KARAGÖZ – Köftehor, Ramazan’dan bana ne? Ona da geldiği zaman ayrı ikramını yaparsın!
HACİVAT – Yârabbi bana Ramazan sabrı ver!
KARAGÖZ – Sabri’yi falan karıştırma da ikramını yap!
HACİVAT – Allah Allah… Hem anlayamıyorum, hem de anlatamıyorum galiba! Yani sana şimdi çay kahve, ayran falan ikram etsem utanmadan içecek misin?
KARAGÖZ – Hele sen ikram et de görürsün ne olacağını!
HACİVAT – Oruç değil misin, nasıl içeceksin?
KARAGÖZ – Hacı Cavcav, oruç senin başına mı vurdu? Ben onları içeceğim dedim mi? Senden çay, kahve, ayran falan istedim mi?
HACİVAT – Aman Allah’ım aklım karmakarışık oldu. Pekâlâ ne istiyorsun Karagöz’üm?
KARAGÖZ – Benim gönlümden ne koparsa onu ikram et birâder?
HACİVAT – Senin gönlünden ne kopuyorsa söyle de ikram edeyim öyleyse?

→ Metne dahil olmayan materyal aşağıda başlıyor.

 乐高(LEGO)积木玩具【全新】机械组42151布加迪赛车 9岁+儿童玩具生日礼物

KARAGÖZ – Hah şimdi adam oldur! Benim gönlümden yarım kilo zeytin, peynir, bir avuç hurma, iki pide falan kopuyor Hacı Cavcav!

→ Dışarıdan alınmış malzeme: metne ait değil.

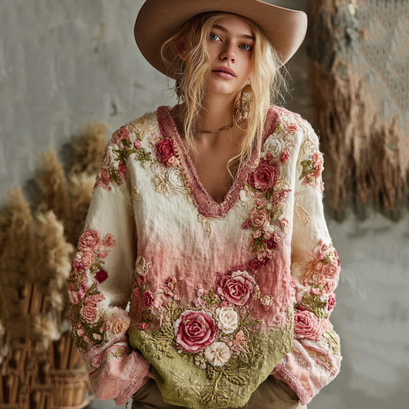 Love & Health Collection Retro Western Women Style Vintage Rose And Floral Patchwork Art V Neck Linen Shirt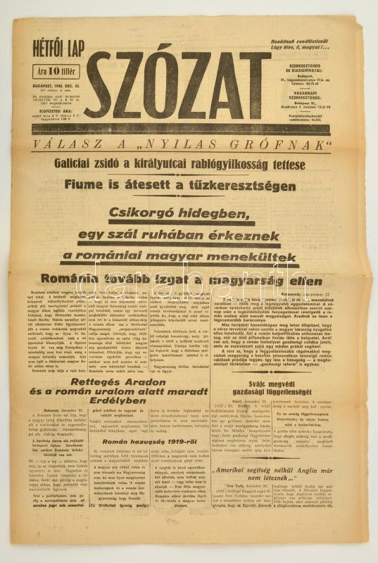1940 Szózat XIV. évfolyam 51. száma, dec. 23., 8 p. https://www.darabanth.com/hu/292-Gyorsarveres/292.0/Festmeny-mutargy-papirregiseg-egyeb/Nyomtatvanyok~30/1940-Szozat-XIV-evfolyam-51-szama-dec-23-8-p~II1544024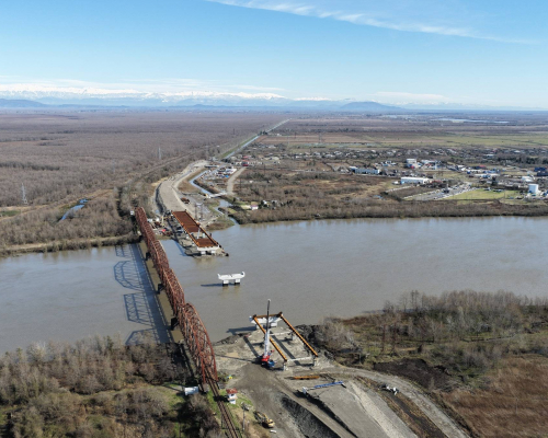 20 თებერვალი 2026მდინარეზე შენდება ფოლად-რკინა-ბეტონის 8-მალიანი ხიდი, რომლის სიგრძე 436 მეტრია

HACİVAT – Canım efendim yine anlayamadım? Tamam bunları ikram edeyim amma, ne biçim oruçsun, buraya öğlen yemeğine mi geldir?
KARAGÖZ – Hay hay, öğlen yemeğine geldim.
HACİVAT – Olmaz efendim, beni de günaha sokacaksın!
KARAGÖZ – Pataklarım ha! Bilmiyor musun, biz Ramazan’da öğle yemeğini de akşam yiyoruz.
HACİVAT – Öyle söylesene!… Demek ağzın kapalı?…
KARAGÖZ – Hay hay, ağzım, burnum, gözlerim, kulaklarım, kapalı amma seni pataklamak için ellerim kaşınmaya başladı.
HACİVAT – Efendim, elini kaşındıracak ne var? Ramazan’dan sonra bir gün uğra da istediğin ikramı yapayım.
KARAGÖZ – Olmaz Hacı Cavcav!… Ağzım kapalı diye Ramazan ikramından kaçarsan ben sana dayak ikram ederim.
HACİVAT – Canım, anladım amma böyle ısmarlama ikram olur mu? bir çay ikramı nerede, saydıkların nerede?…
KARAGÖZ – Köftehor, sen onları bana ikram edeceksin, ben iftarda sahurda benim hanım ile çocuklara ikram edeceğim.
HACİVAT – Hah hah hah! Öyle söylesene!… (Karagöz gider.)
KARAGÖZ'ÜN İĞNESİ
Hacivat birkaç gündür görmediği Karagöz'ü sağda solda arar, bulamaz. Sorar soruşturur bilen, gören yoktur. Son çare olarak evine gider. Karısı Karagöz'ün üç gündür evin samanlığında olduğunu ve yemeğini bile orada yediğini söyler. Hacivat bahçeden samanlığa geçer. Karagöz samanların arasında birşey aramaktadır. Ama ne?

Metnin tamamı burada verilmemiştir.